**Directions for this task**
Reproduce exactly the lines below from the one containing "Apli Strung Tickets 13x20mm White 1000 Box" through the one containing "The dead were", including both, and nothing else.

**Records for the exercise**
####

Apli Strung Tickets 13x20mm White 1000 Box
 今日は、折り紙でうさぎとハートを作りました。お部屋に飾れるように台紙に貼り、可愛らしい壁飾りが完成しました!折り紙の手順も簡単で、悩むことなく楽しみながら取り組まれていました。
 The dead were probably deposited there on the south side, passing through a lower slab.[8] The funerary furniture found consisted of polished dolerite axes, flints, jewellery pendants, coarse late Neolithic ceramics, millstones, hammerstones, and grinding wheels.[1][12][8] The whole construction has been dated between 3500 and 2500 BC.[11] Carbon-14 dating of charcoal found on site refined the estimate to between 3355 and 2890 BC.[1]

####

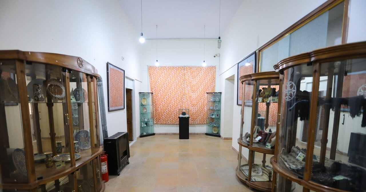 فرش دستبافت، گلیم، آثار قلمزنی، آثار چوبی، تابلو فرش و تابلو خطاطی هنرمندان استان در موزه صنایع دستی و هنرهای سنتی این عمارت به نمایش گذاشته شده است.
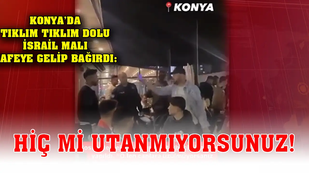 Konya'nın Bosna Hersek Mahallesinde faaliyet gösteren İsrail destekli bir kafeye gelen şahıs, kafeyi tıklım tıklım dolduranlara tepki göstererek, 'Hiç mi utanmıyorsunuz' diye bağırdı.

####

**Answer below**
Apli Strung Tickets 13x20mm White 1000 Box
 今日は、折り紙でうさぎとハートを作りました。お部屋に飾れるように台紙に貼り、可愛らしい壁飾りが完成しました!折り紙の手順も簡単で、悩むことなく楽しみながら取り組まれていました。
 The dead were probably deposited there on the south side, passing through a lower slab.[8] The funerary furniture found consisted of polished dolerite axes, flints, jewellery pendants, coarse late Neolithic ceramics, millstones, hammerstones, and grinding wheels.[1][12][8] The whole construction has been dated between 3500 and 2500 BC.[11] Carbon-14 dating of charcoal found on site refined the estimate to between 3355 and 2890 BC.[1]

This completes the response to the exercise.